Missing Link’s review of our women’s report

Sarah O’Leary is the CEO of Missing Link, the largest provider of women only services in Bristol and one of the Golden Key partners. We asked her to share her thoughts on our report on Gender and Severe and Multiple Disadvantage and this is her response.

I was really excited to read this report because it resonates with what women have told us over the last 35 years the organisation has been running. Too often women talk about their experiences of historical or recent abuse and how that has had a traumatic impact on their mental health, their safety and the options they have. They have shared with us how mixed services often failed to understand their need for safe women-only spaces and support that specifically recognised their lived experience and the disadvantages they faced.
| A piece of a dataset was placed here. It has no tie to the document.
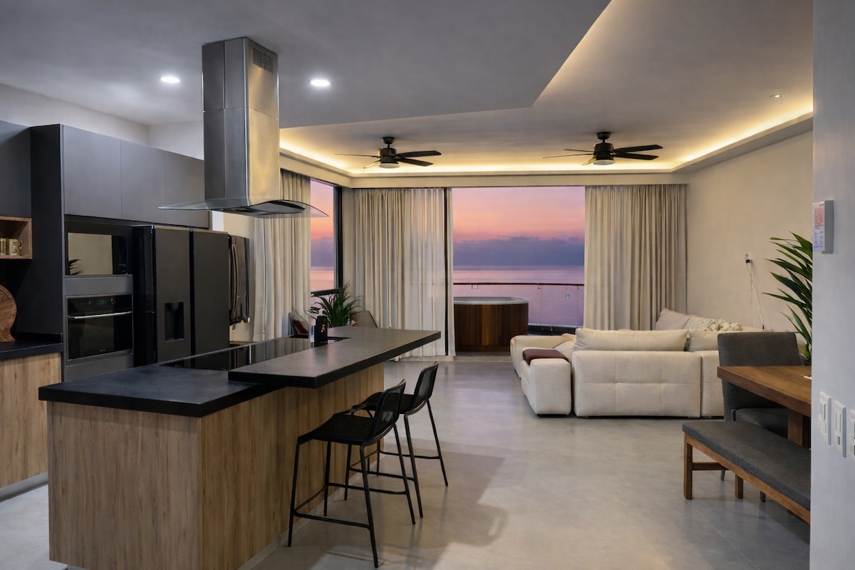Located in Alamar, gated community in La Cruz de Huanacaxtle. This open plan loft-like with living, dining room, kitchen gives an astonishing ocean view to the Banderas Bay and Puerto Vallarta; it's fully equipped kitchen, terrace, BBQ, laundry area, elevator, parking spot and luxury finishes.

This report captures these issues and more. It highlights the importance of placing these issues in the context of women’s lives. We know women often have the major responsibility for the caring of children and other dependent family members. Social isolation and poverty are much more common in women, and they are much more likely to be in poorly paid jobs with little security. They are also more likely to have survived multiple traumas. The complex interplay of all these factors have a major impact on the shape of the support services they need, which is why coproducing services with women with lived experience is so important.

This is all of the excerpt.